An obstacle course for remotely controlled toy vehicles. A plurality of track circuits are arranged in tiered fashion upon a core support structure. Each track circuit has obstacles such as pits, rocks, and traps which must be negotiated to complete a challenge level. Upon successful completion of a particular challenge on one of these track circuits, the vehicle may advance to the next higher track circuit through an up ramp. There a new challenge in the form of different obstacles are presented. The obstacle course ends on a top face of the support structure which allows direct head-to-head confrontations to determine a winner should all vehicles in a competition successfully complete the obstacle portion of the course. Optional clock timers may set a time limit for completion of the course as a whole or any given level.

Description

BACKGROUND OF THE INVENTION

1. Field of the Invention

The present invention relates to obstacle courses. More specifically, the present invention relates to obstacle courses having a plurality of challenge levels for competing remotely controlled vehicles.

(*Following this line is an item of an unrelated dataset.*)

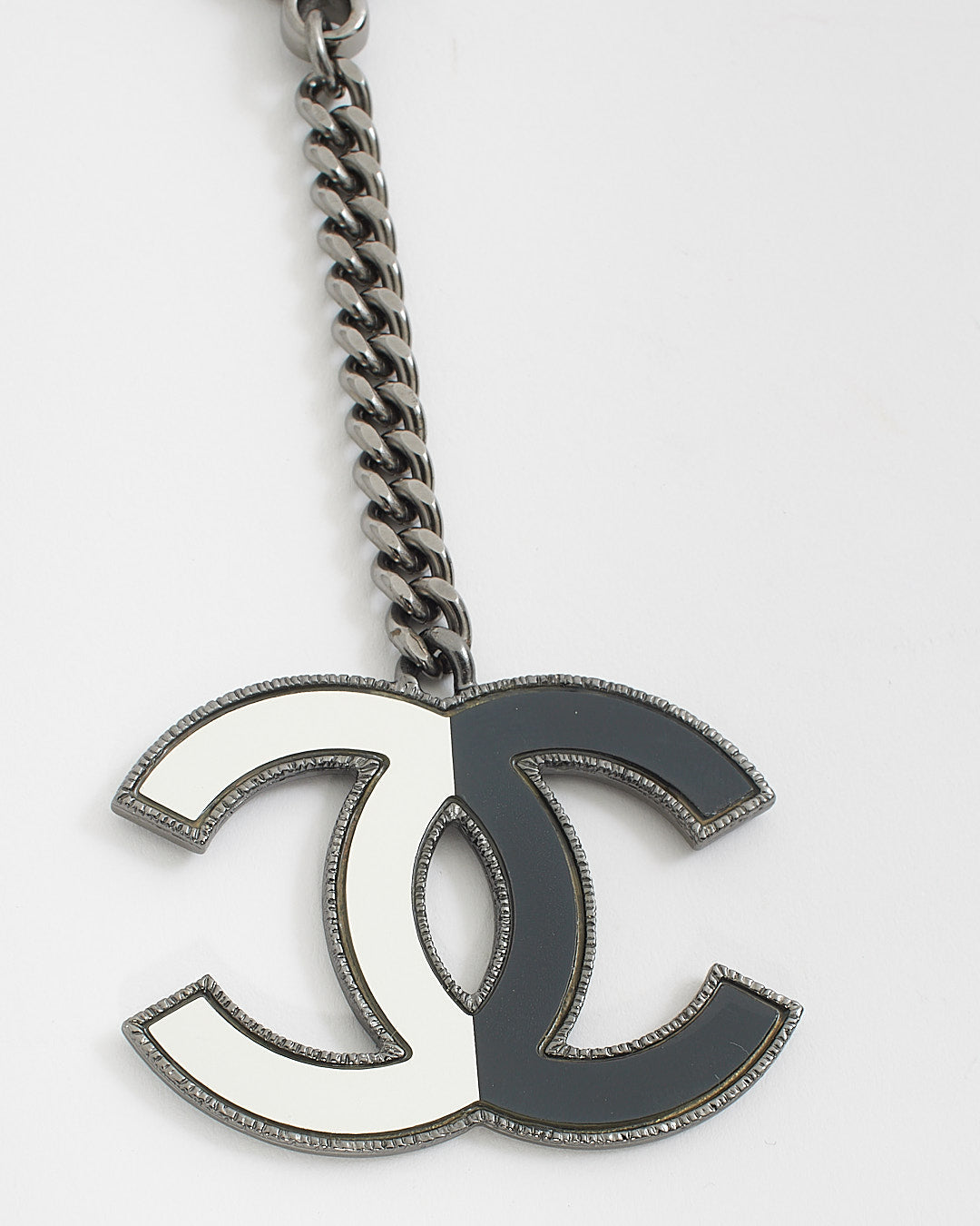 Chanel Silver Interlocking B/W CC Logo Key Chain

2. Description of the Prior Art

In a typical course for toy vehicles, there is a beginning line behind which the vehicles start, and an end line for which the vehicles vie to cross first. The course may be of a certain length or it may be continuous, in which a set number of laps about a circuit must be run. Though variations in courses can add interest, such as with twists, turns, and jumps, the basic race concept is maintained.

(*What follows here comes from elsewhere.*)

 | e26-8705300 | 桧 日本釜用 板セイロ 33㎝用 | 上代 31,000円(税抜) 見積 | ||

Prior patents have described various race courses that include obstacles. For example, U.S. Pat. No. 3,502,332, issued March 24 to T. Wolf, describes an obstacle raceway that includes a spaced apart jump. U.S. Pat. No. 4,383,688, issued May 17, 1983 to B. Prehodka, describes an obstacle for toy vehicle tracks that will throw a colliding vehicle off the track.

U.S. Pat. No. 3,820,788, issued Jun. 28, 1974 to A. Goldfarb et al., describes an up-hill racing game that includes impact-propelling mechanisms for incrementally moving racing pieces through the course.

SUMMARY OF THE INVENTION

The present invention relates to an obstacle course for remotely controlled toy vehicles in which successive obstacle challenges are presented to each vehicle by the course in a tiered multi-level system of track circuits. Upon successful completion of a particular challenge on one of these track circuits, the vehicle may advance to the next higher track circuit through an up ramp. There a new challenge in the form of different obstacles are presented. As their vehicle is negotiating the course, competitors carrying their remote controllers may move around the entire course to better view and react to each new challenge. The present invention also provides a system which allows direct head-to-head confrontations to determine a winner should all vehicles in a competition successfully complete the obstacle portion of the course. Though not a race challenge between vehicles, as typical in the prior art, the present system may use clock timers to set a time limit for completion of the course as a whole or any given level.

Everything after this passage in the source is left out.